Extracted records:
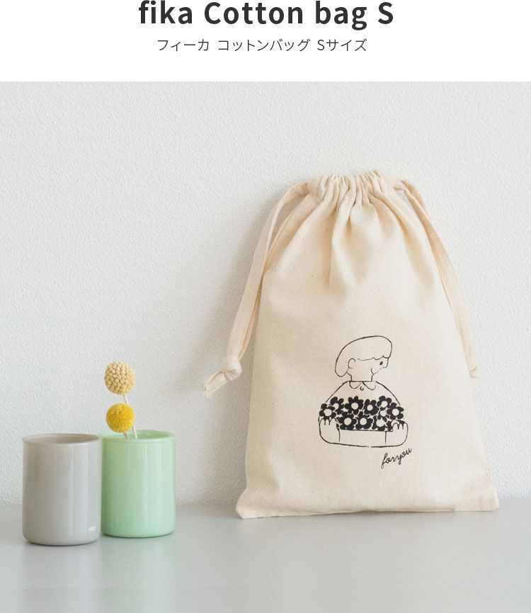 cotton bag S size fika [フィーカ] 沢山のお花を抱えた女の子のイラストが微笑ましい、コットンバッグ“ fika ” コットンバッグをラッピングに使って、プレゼントを送ってみませんか? プレゼントを受け取ったお相手もきっと喜んでくれるはず。
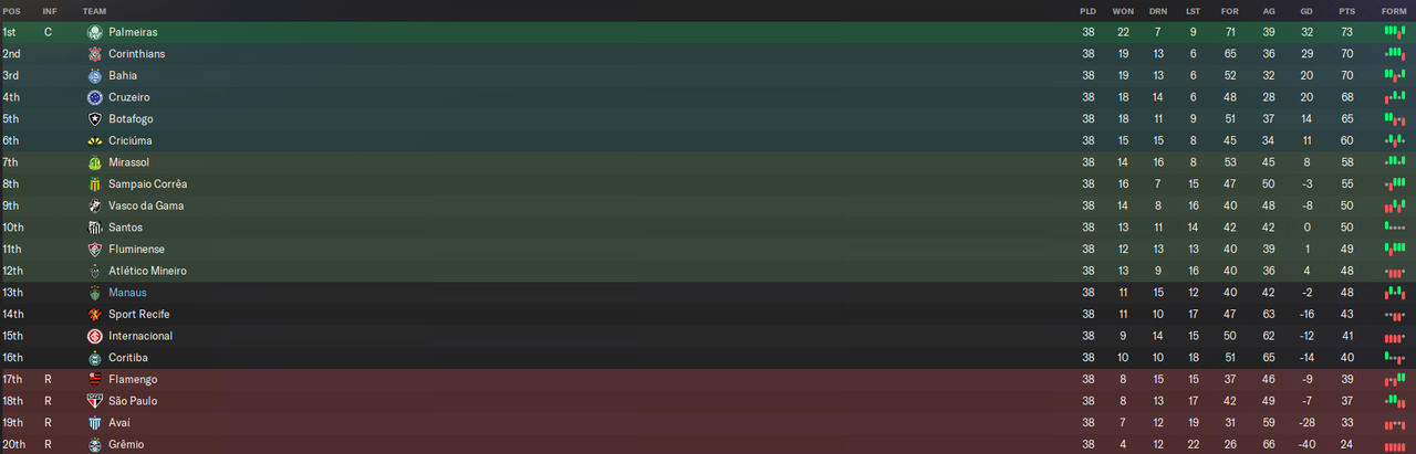 И знаете что? Все конкуренты выиграли свои матчи и Манаус свалился на 13-е место:
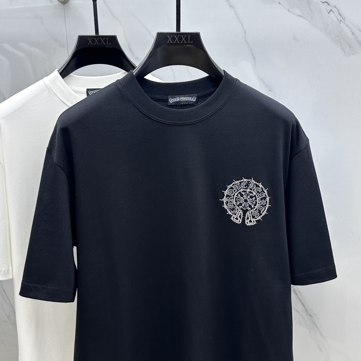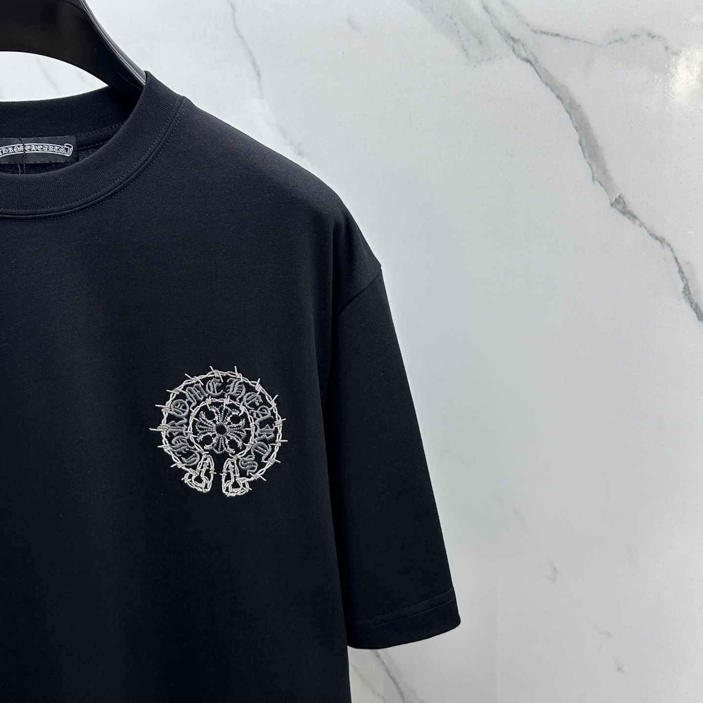 CH*克罗心 2025FW春夏新品圆领微阔打底外穿T恤,立体logo刺绣,手感面糯有骨感,柔而有韧性。工艺处理,韧性和抗皱性能得到大幅度提高。剪裁很到位,辨识度极高。单穿打底必备单品。 男女同款xh 码数:M-XXL
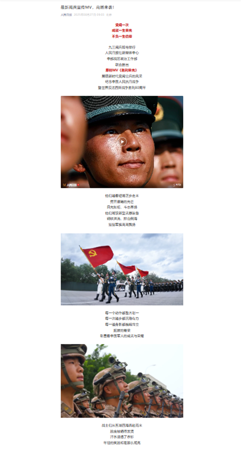 圖左二為隨州職業(yè)技術(shù)學(xué)院文化旅游產(chǎn)業(yè)學(xué)院2020屆畢業(yè)生邱傲訓(xùn)練時(shí)照片,該照片登載在人民日?qǐng)?bào)微信公眾號(hào)8月27日《最新閱兵宣傳MV,高燃來(lái)襲!》
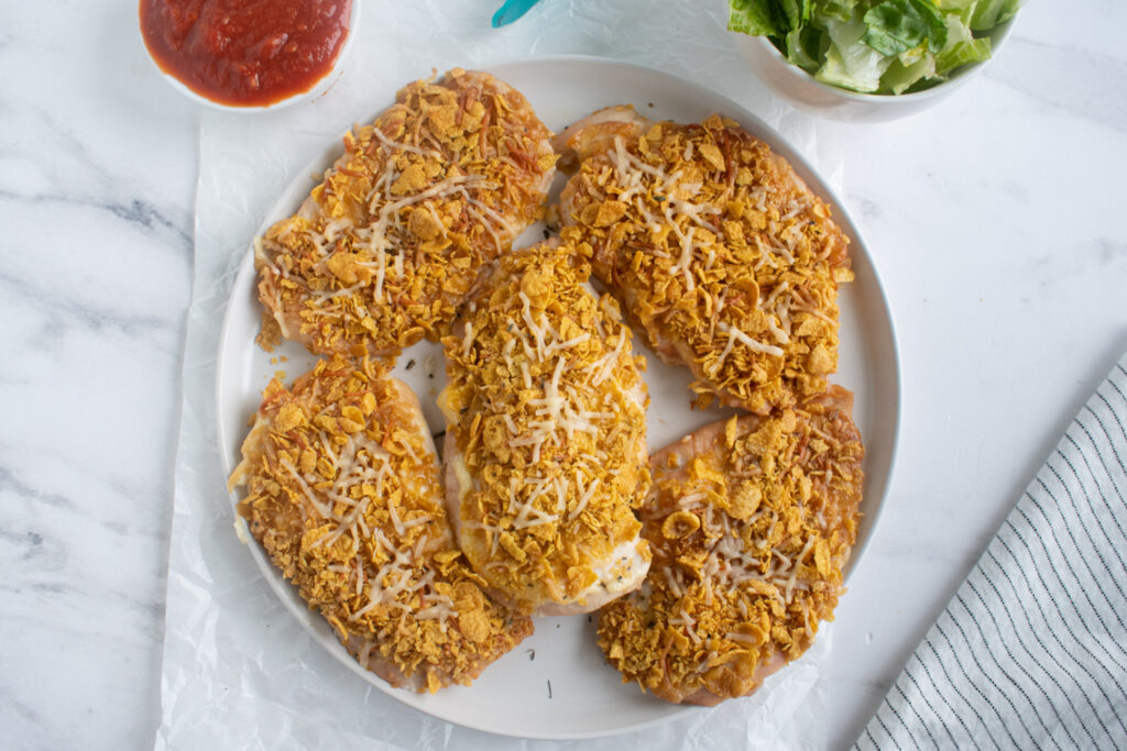 Coating chicken with cornflakes is a delicious gluten-free option. They taste amazing and turn out super crunchy when baked. The sweet flavor complements the savory nature of the chicken, creating a delicious combination.
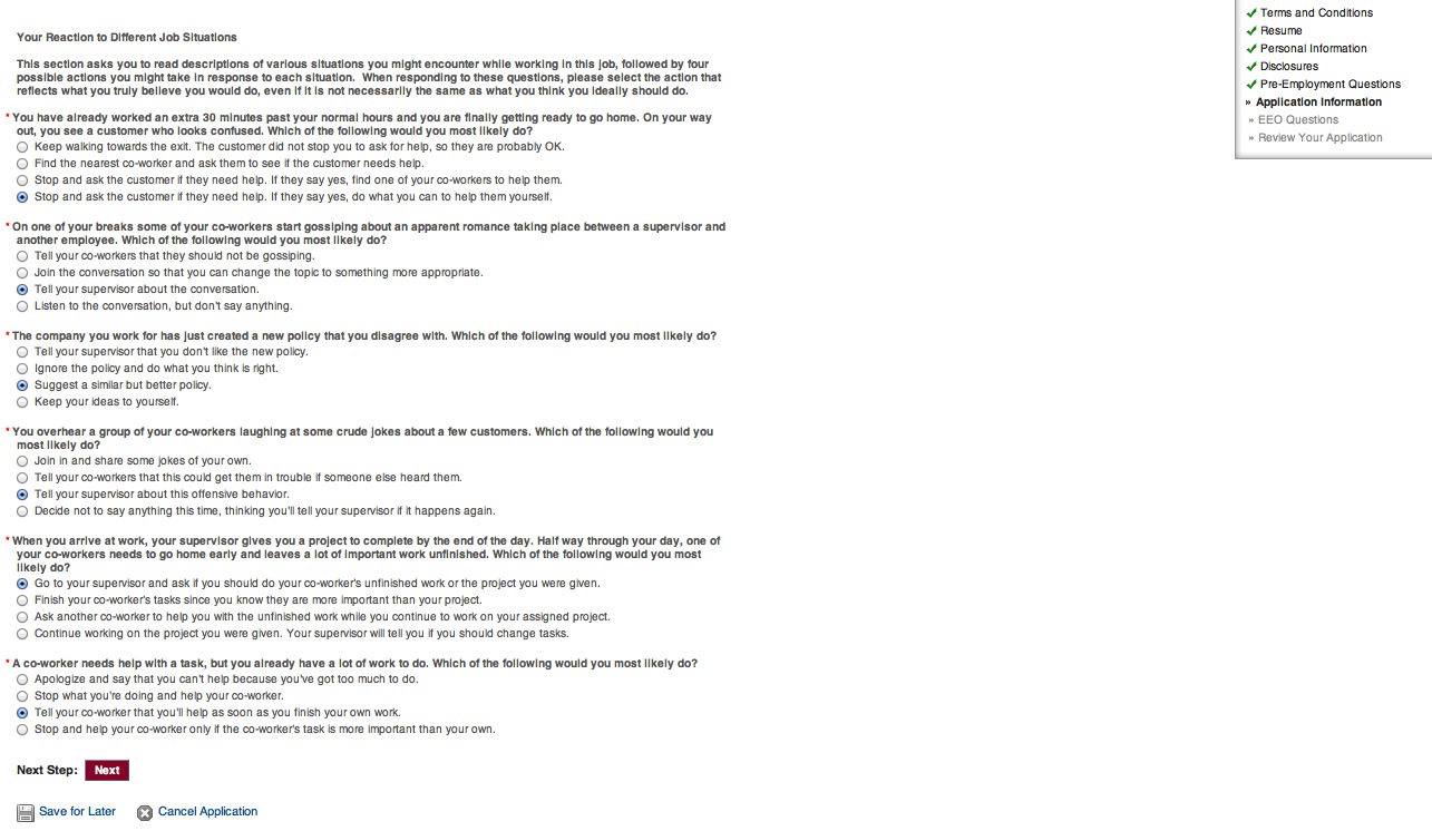 And there is one, big, fat, irritating part where they ask you multiple choice questions and ask you to check each one such as:
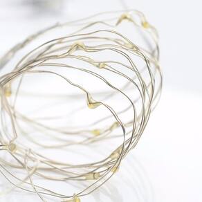 Informações adicionais: Kit com 5 Cordões Fio flexível com 20 Leds; Finciona com 2 pilhas AAA não inclusas ; Comprimento 2 metros; Cor da luz: Branco quente amarelinho ; À prova d'água exceto compartimento de pilhas .
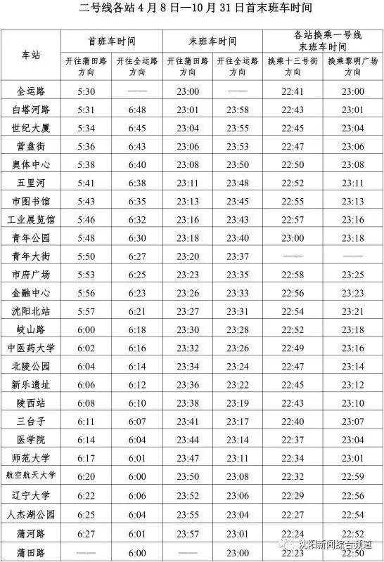 航空航天大学站开往全运路站方向的首班车时间仍为6:00
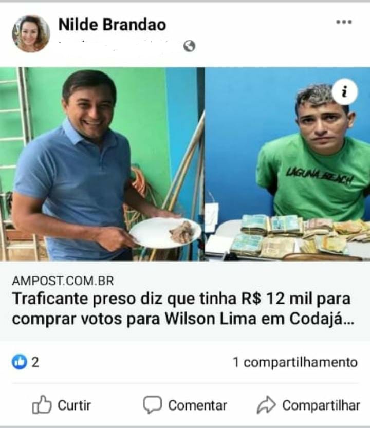 Leonilde já até publicou em seu Facebook negativas contra o atual Governador Wilson Lima, vejo abaixo:
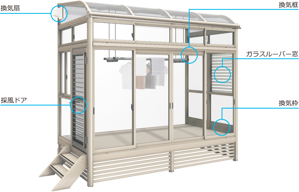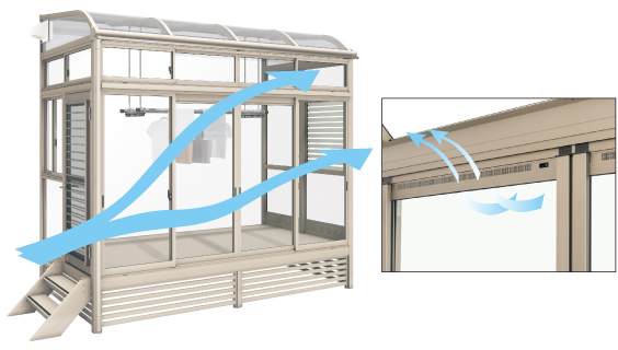 従来の商品よりも通風・換気機能を強化しており、快適なランドリー空間が特徴的です。
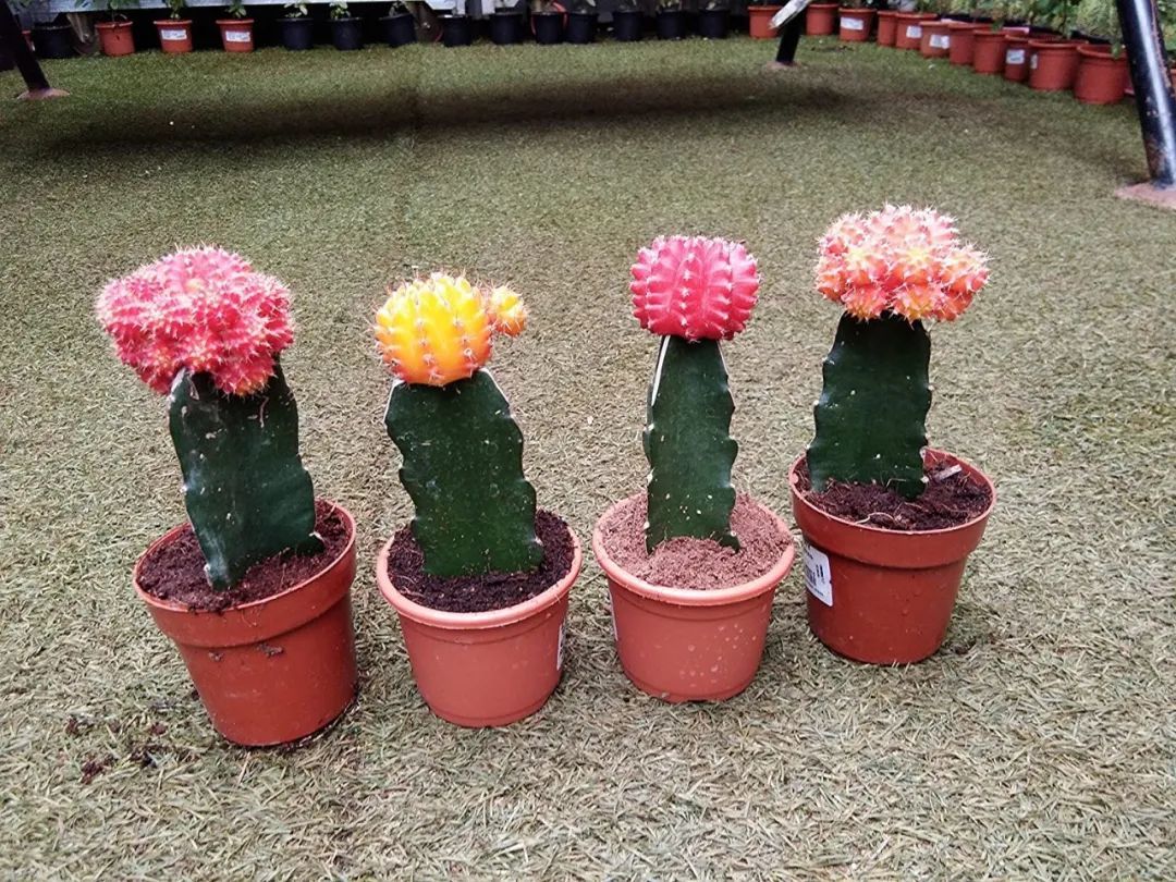 上面这些是嫁接在量天尺上的绯牡丹,这些绯牡丹光合作用的特性极弱,本身无法进行光合作用,所以嫁接在其他仙人掌上才好生长。
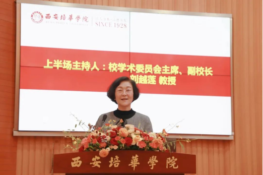 报告会上半场主旨论坛由西安培华学院学术委员会主席、副校长刘越莲教授主持
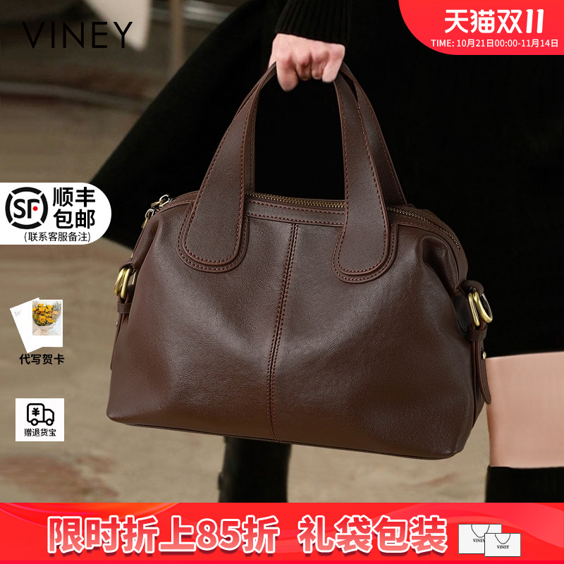 Viney Bag 2025 New Women's Bag Autumn and Winter Genuine Leather Shoulder Handbag Crossbody Bag Large Capacity Boston Bag
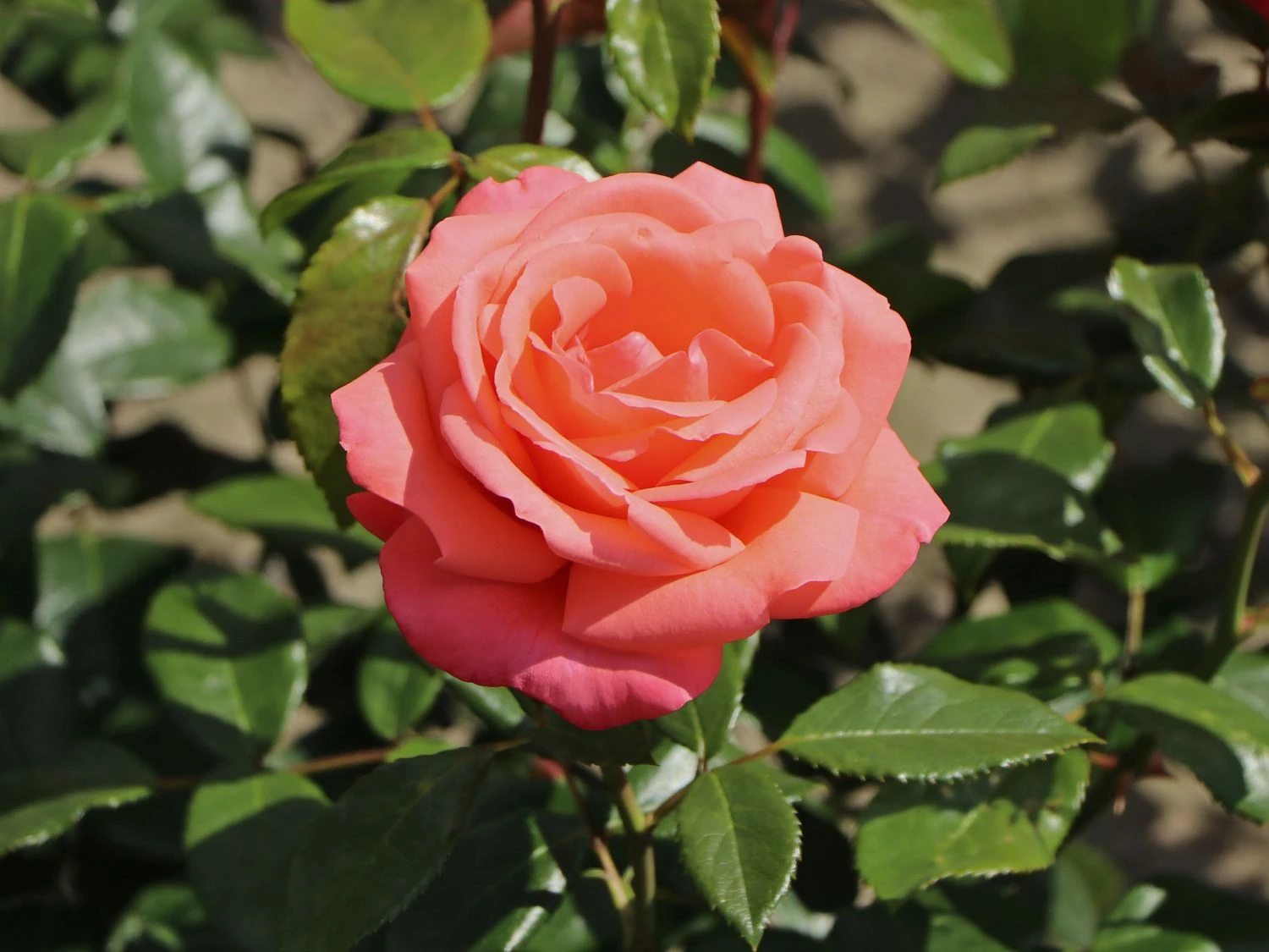 Die Edelrose ‚Focus‘ ® besticht durch das romantische Farbenspiel der Blüten. Von Juni bis September leuchten die mittelgroßen, gefüllten Blüten in zartem Apricot, Orange und Rosa. Voll erblüht werden die gelben Staubgefäße sichtbar. Das dunkelgrüne, glänzende Laub von (bot.) Rosa ‚Focus‘ ® setzt sich kontraststark von den hellen, leuchtenden Blüten ab. Das Laub der Edelrose ‚Focus‘ ® ist gefiedert, besitzt einen gesägten Rand, sowie eine gute Blattgesundheit.

What you are asked to do:
Output exactly, and only, the lines of the entries above from the one with "Coating chicken with" up to and including the one with "Viney Bag 2025"; pictures are to be left out.

Response to the exercise:
 Coating chicken with cornflakes is a delicious gluten-free option. They taste amazing and turn out super crunchy when baked. The sweet flavor complements the savory nature of the chicken, creating a delicious combination.
 And there is one, big, fat, irritating part where they ask you multiple choice questions and ask you to check each one such as:
 Informações adicionais: Kit com 5 Cordões Fio flexível com 20 Leds; Finciona com 2 pilhas AAA não inclusas ; Comprimento 2 metros; Cor da luz: Branco quente amarelinho ; À prova d'água exceto compartimento de pilhas .
 航空航天大学站开往全运路站方向的首班车时间仍为6:00
 Leonilde já até publicou em seu Facebook negativas contra o atual Governador Wilson Lima, vejo abaixo:
 従来の商品よりも通風・換気機能を強化しており、快適なランドリー空間が特徴的です。
 上面这些是嫁接在量天尺上的绯牡丹,这些绯牡丹光合作用的特性极弱,本身无法进行光合作用,所以嫁接在其他仙人掌上才好生长。
 报告会上半场主旨论坛由西安培华学院学术委员会主席、副校长刘越莲教授主持
 Viney Bag 2025 New Women's Bag Autumn and Winter Genuine Leather Shoulder Handbag Crossbody Bag Large Capacity Boston Bag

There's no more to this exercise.